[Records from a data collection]
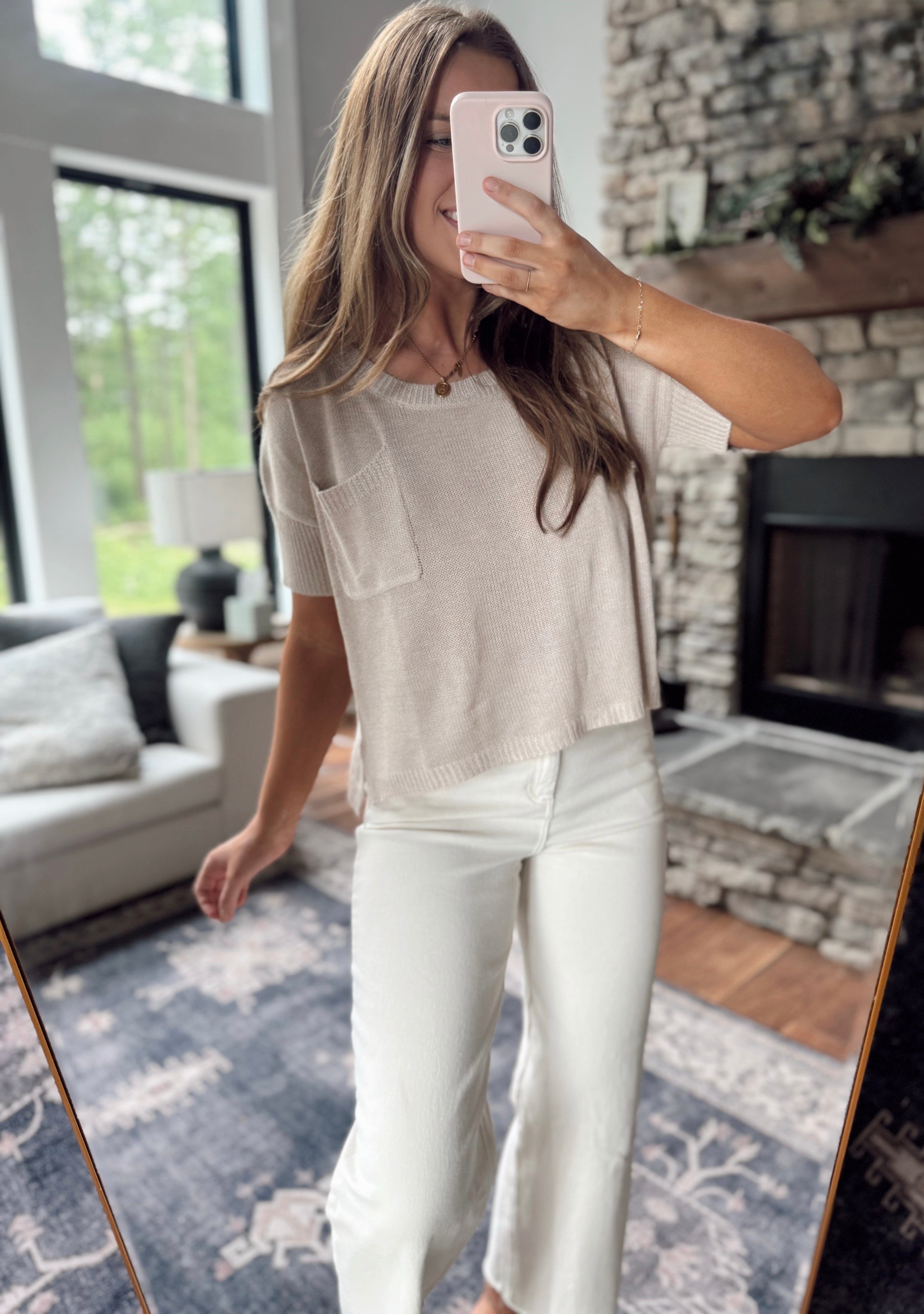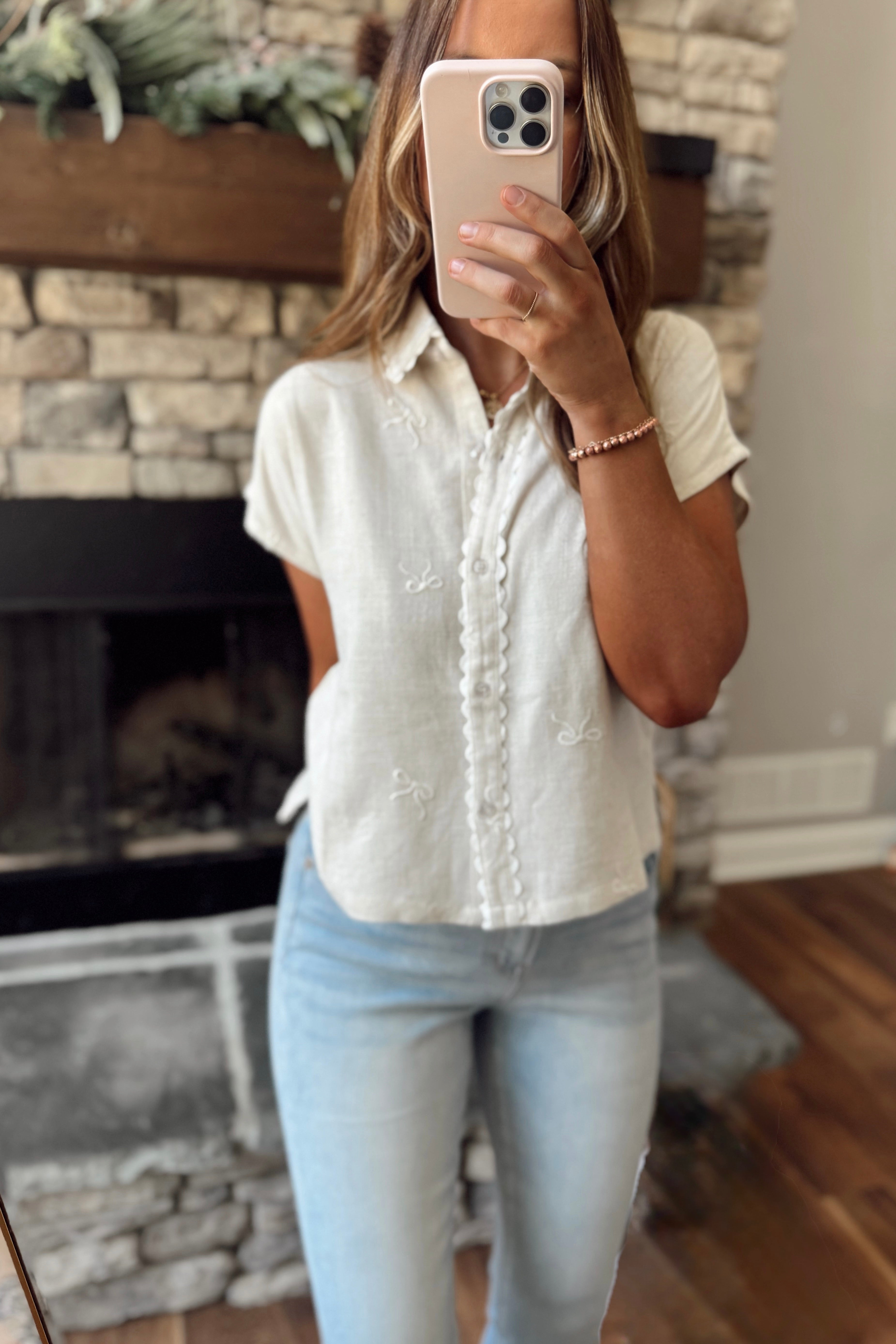 Naomi Cream Floral Lace Trim V-Neck Tee
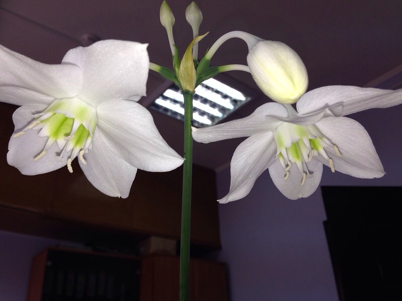 2 года уже. Но 1.5 года назад оно чуть не погибло, остался только 1 листик, даже половина. Делала типа теплички из целоф. мешка, ставила под лампу, после этого набрало несколько листьев, цвел несколько месяцев назад. А теперь вот еще 2 стрелки выпустил, а с листьями все равно не густо.
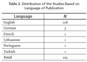 As can be seen in Table 2, 108 articles were written in English, and three of them in German. Results indicated that researchers tend to produce publications in English. It is also seen that a few researchers published their articles in German.
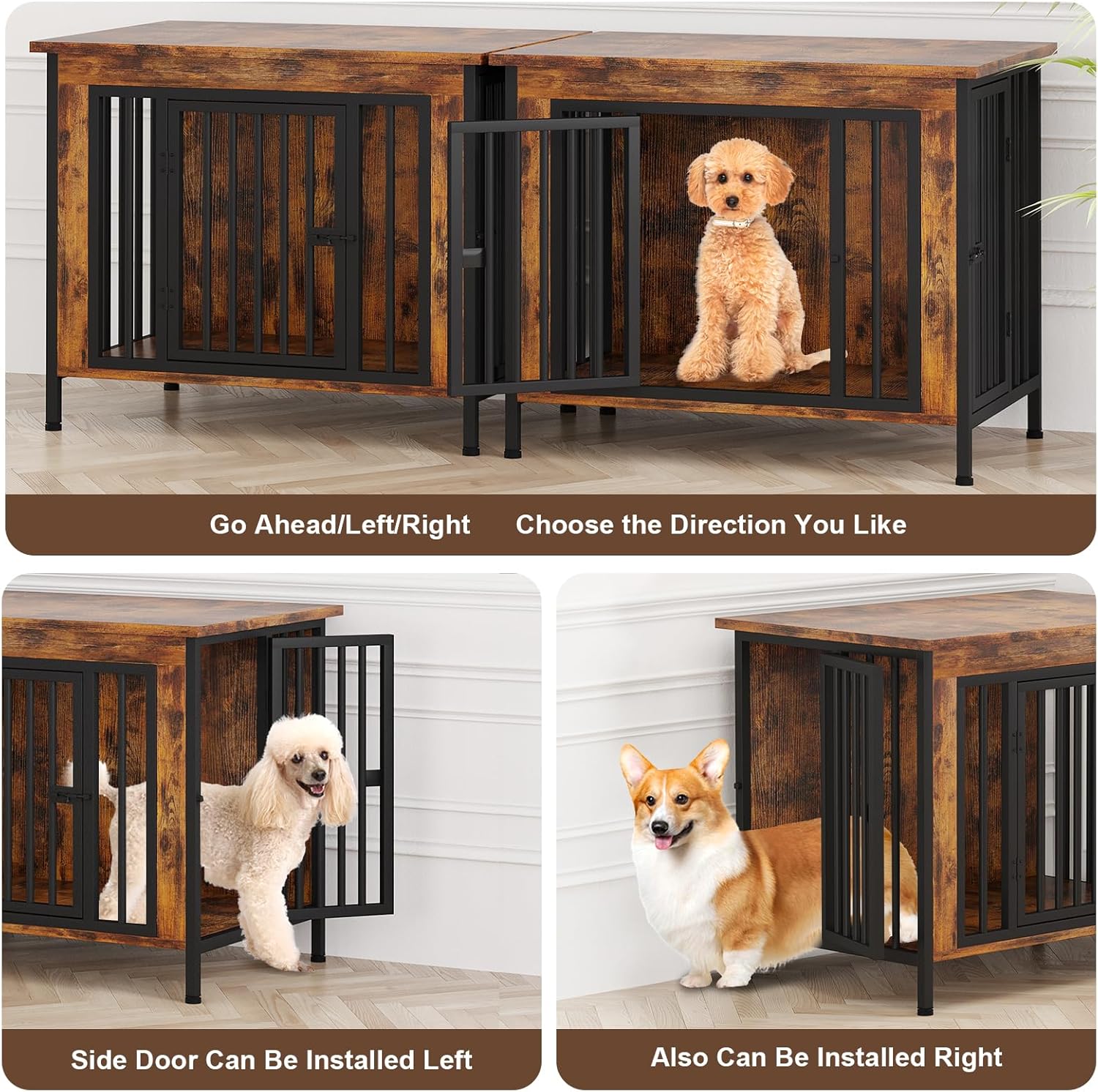 • 【Versatile Dog Crate Table】: Brief and retro dog furniture crate is suitable for various decoration styles. It is not only a dog crate for dogs, but also a TV cabinet/side table to place decorations and storage. The huge size ensures dogs have a comfortable and spacious living area, while also maximizing the use of the house's space.
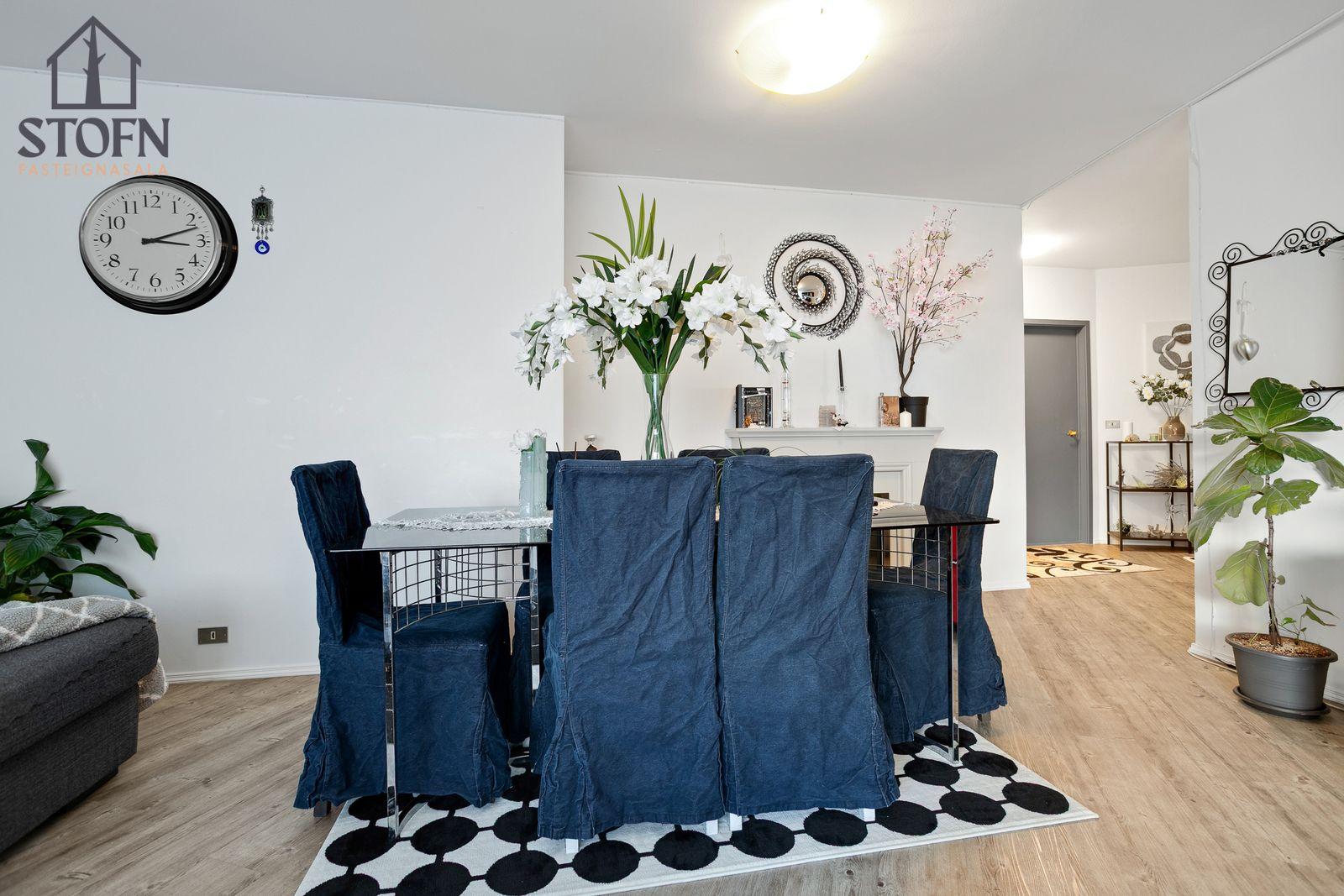 STOFN FASTEIGNASALA KYNNIR: Um er að ræða rúmgóða 175,2 fm 4ra herbergja íbúð á þriðju og efstu hæð í snyrtilegu fjölbýli ásamt tveimur bílskúrum þar sem búið er að útbúa snyrtilega stúdíó íbúð úr öðrum bílskúrnum (33,8 fm). Báðir bílskúrarnir eru í útleigu. Íbúðin hefur fengið gott viðhald á undanförnum árum þar sem meðal annars er búið að skipta um glugga og gler í hluta íbúðar og sömuleiðis búið að skipta um hluta ofna innan íbúðar.

### [Description of the task]
Each line from the start of the entries above through the line with "the house's space." should be duplicated exactly, leaving out the pictures.

### [Exercise response]
 Naomi Cream Floral Lace Trim V-Neck Tee
 2 года уже. Но 1.5 года назад оно чуть не погибло, остался только 1 листик, даже половина. Делала типа теплички из целоф. мешка, ставила под лампу, после этого набрало несколько листьев, цвел несколько месяцев назад. А теперь вот еще 2 стрелки выпустил, а с листьями все равно не густо.
 As can be seen in Table 2, 108 articles were written in English, and three of them in German. Results indicated that researchers tend to produce publications in English. It is also seen that a few researchers published their articles in German.
 • 【Versatile Dog Crate Table】: Brief and retro dog furniture crate is suitable for various decoration styles. It is not only a dog crate for dogs, but also a TV cabinet/side table to place decorations and storage. The huge size ensures dogs have a comfortable and spacious living area, while also maximizing the use of the house's space.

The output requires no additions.